Discuss what are True Positive (TP), True Negatives (TN), False Positive (FP), False Negatives (FN) in the context of a malware classifier that classifies an input sample as malicious or benign. [8 marks]
2023
TP = binary malware, system malware - CORRECT MALICIOUS - Malware labeled as Malware
TN = binary malware, system not malware - CORRECT BENIGN - A normal program labeled as safe
FP = binary not malware, system malware (Type 1 Error) - INCORRECT MALICIOUS - A normal program labeled as Malware
FN = binary not malware, system not malware (Type 2 Error) - INCORRECT BENIGN - Malware labeled as safe
Describe the high-level view of the algorithm with an example picture in
2D space, showing the decision boundary, some feature points, and the
support vectors (4 marks).
2018/19
|. . . / / / *. *
|. */ / / *. *
|. *. / / / *. *
|. / / /. *
|. / / / *. *
_____________________________
decision boundary / hyperplane = the line in the middle
support vectors = feature points that are on the margins
feature points = *
Describe the Radial Basis Function (RBF) non-linear kernel through a
visual example in a 2D graph (3 marks).
2018/19
same as SVM normal but it’s in a circle, outer circle one class inner circle another class
You can conceptualize an SVM with the RBF kernel as generating a smoothed linear combination of spheres around each data point ( x ):
- Inside each sphere, the classification is the same as ( x ), while outside is assigned the opposite class.

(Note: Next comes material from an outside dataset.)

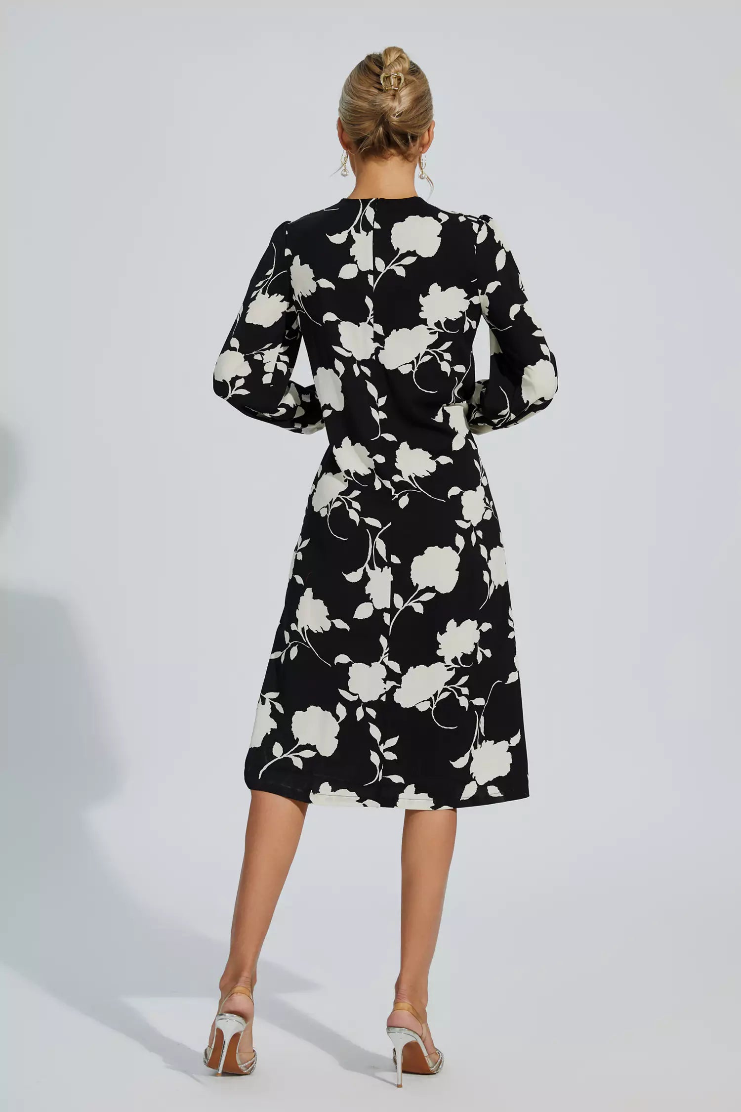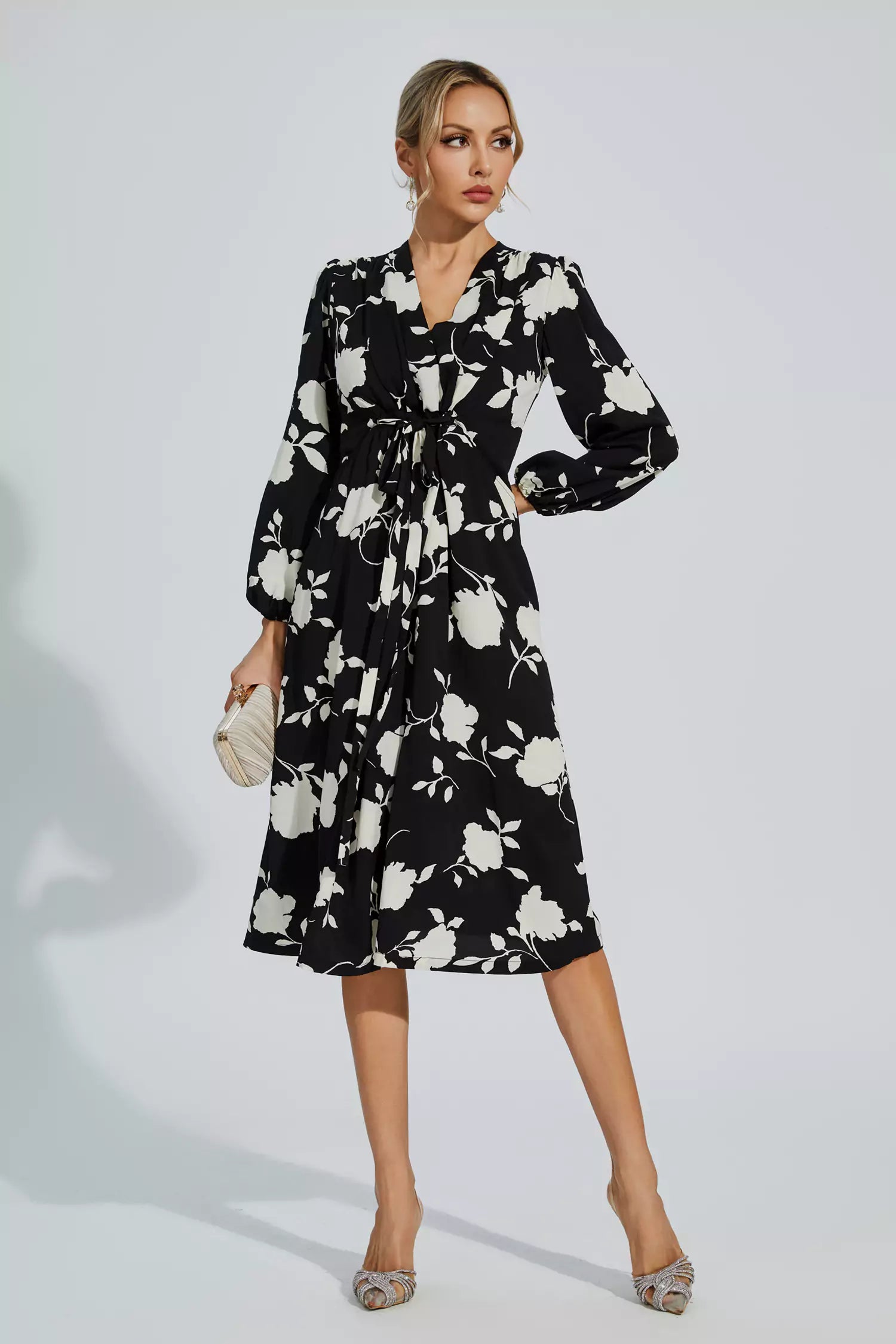 The Galilea Black Floral Girded Midi Dress exudes elegance and sophistication. Featuring a stunning black and white contrasting floral print, slims and flatters. This long-sleeved dress is both graceful and stylish. Perfect for any special occasion, this dress will make you feel confident and chic.

- The parameter ( \gamma ) determines the radius of these spheres, i.e., the proximity required to classify a point similarly.
- The parameter ( C ) determines the degree of “smoothing.”
With the aid of diagrams, show and explain the main differences between overwriting viruses, companion viruses, and parasitic viruses (in all their forms). [9 marks]
2019/22/23
Overwriting viruses:
- overwrites section of program file with virus, may break infected program
- infect host file with bigger/smaller file size
- potentially break infected program
Companion viruses:
- don’t overwrite or infect files, but create new files with same name as the legitimate one but with a different file extension
- so when user runs legit file, companion file also executes
- in DOS if no extension is given order of execution is COM, EXE then BAT
- eg. infects COM file of same name as EXE file
Parasitic viruses:
- prepending: insert virus code at beginning of executable then shift original code to follow virus
- appending: append virus code to executable, insert JMP at beginning of executable
- fragmenting: code intermixed with original ones
Briefly explain what a phishing attack is. [2 marks]
2019/23
Phishing is the act of impersonating a legitimate entity, typically a web site associated with a business, to obtain information such as passwords, credit card numbers, and other private information without authorisation.
- Requires that the attackers create a website that display a page that looks like it belongs to a bank.
- User is fooled into thinking this is the legit page for the bank.
- Attacker creates an email instructing victims to click on an enclosed link that will take them to the fake page.
- However URL is the real bank but underlying link is the fake bank.
- User enters personal credentials and attacker saves credentials for later use.